Selective Regression Under Fairness Criteria

Selective regression allows abstention from prediction if the confidence to make an accurate prediction is not sufficient. In general, by allowing a reject option, one expects the performance of a regression model to increase at the cost of reducing coverage (i.e., by predicting fewer samples). However, as shown in this work, in some cases, the performance of minority group can decrease while we reduce the coverage, and thus selective regression can magnify disparities between different sensitive groups. We show that such an unwanted behavior can be avoided if we can construct features satisfying the sufficiency criterion, so that the mean prediction and the associated uncertainty are calibrated across all the groups. Further, to mitigate the disparity in the performance across groups, we introduce two approaches based on this calibration criterion: (a) by regularizing an upper bound of conditional mutual information under a Gaussian assumption and (b) by regularizing a contrastive loss for mean and uncertainty prediction. The effectiveness of these approaches are demonstrated on synthetic as well as real-world datasets.

A Computationally Efficient Method for Learning Exponential Family Distributions

We consider the question of learning the natural parameters of a $k$ parameter minimal exponential family from i.i.d. samples in a computationally and statistically efficient manner. We focus on the setting where the support as well as the natural parameters are appropriately bounded. While the traditional maximum likelihood estimator for this class of exponential family is consistent, asymptotically normal, and asymptotically efficient, evaluating it is computationally hard. In this work, we propose a computationally efficient estimator that is consistent as well as asymptotically normal under mild conditions. We provide finite sample guarantees to achieve an ($\ell_2$) error of $\alpha$ in the parameter estimation with sample complexity $O(\mathrm{poly}(k/\alpha))$ and computational complexity ${O}(\mathrm{poly}(k/\alpha))$. To establish these results, we show that, at the population level, our method can be viewed as the maximum likelihood estimation of a re-parameterized distribution belonging to the same class of exponential family.

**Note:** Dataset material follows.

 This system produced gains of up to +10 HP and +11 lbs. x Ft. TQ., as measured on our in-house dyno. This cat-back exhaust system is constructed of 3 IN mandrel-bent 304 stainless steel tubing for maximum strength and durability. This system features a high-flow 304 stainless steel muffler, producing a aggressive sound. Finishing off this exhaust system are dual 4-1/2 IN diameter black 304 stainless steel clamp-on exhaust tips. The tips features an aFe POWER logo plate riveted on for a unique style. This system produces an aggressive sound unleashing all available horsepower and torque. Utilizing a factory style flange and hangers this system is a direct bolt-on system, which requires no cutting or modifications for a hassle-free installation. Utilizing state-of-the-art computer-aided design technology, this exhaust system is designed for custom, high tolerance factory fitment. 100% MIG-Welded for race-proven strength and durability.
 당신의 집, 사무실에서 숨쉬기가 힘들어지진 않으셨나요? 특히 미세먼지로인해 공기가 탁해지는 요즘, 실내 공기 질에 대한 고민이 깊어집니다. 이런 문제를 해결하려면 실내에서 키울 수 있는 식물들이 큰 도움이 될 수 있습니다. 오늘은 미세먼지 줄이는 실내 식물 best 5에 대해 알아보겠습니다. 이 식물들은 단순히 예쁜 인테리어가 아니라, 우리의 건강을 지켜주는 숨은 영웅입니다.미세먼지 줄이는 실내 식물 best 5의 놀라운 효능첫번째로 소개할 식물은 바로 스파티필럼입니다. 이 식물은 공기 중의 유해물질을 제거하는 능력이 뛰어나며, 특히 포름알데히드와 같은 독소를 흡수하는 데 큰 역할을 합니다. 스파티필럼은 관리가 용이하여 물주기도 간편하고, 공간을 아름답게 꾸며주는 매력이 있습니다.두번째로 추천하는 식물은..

Finding Valid Adjustments under Non-ignorability with Minimal DAG Knowledge

Treatment effect estimation from observational data is a fundamental problem in causal inference. There are two very different schools of thought that have tackled this problem. On the one hand, the Pearlian framework commonly assumes structural knowledge (provided by an expert) in the form of Directed Acyclic Graphs (DAGs) and provides graphical criteria such as the back-door criterion to identify the valid adjustment sets. On the other hand, the potential outcomes (PO) framework commonly assumes that all the observed features satisfy ignorability (i.e., no hidden confounding), which in general is untestable. In this work, we take steps to bridge these two frameworks. We show that even if we know only one parent of the treatment variable (provided by an expert), then quite remarkably it suffices to test a broad class of (but not all) back-door criteria. Importantly, we also cover the non-trivial case where the entire set of observed features is not ignorable (generalizing the PO framework) without requiring all the parents of the treatment variable to be observed. Our key technical idea involves a more general result -- Given a synthetic sub-sampling (or environment) variable that is a function of the parent variable, we show that an invariance test involving this sub-sampling variable is equivalent to testing a broad class of back-door criteria. We demonstrate our approach on synthetic data as well as real causal effect estimation benchmarks.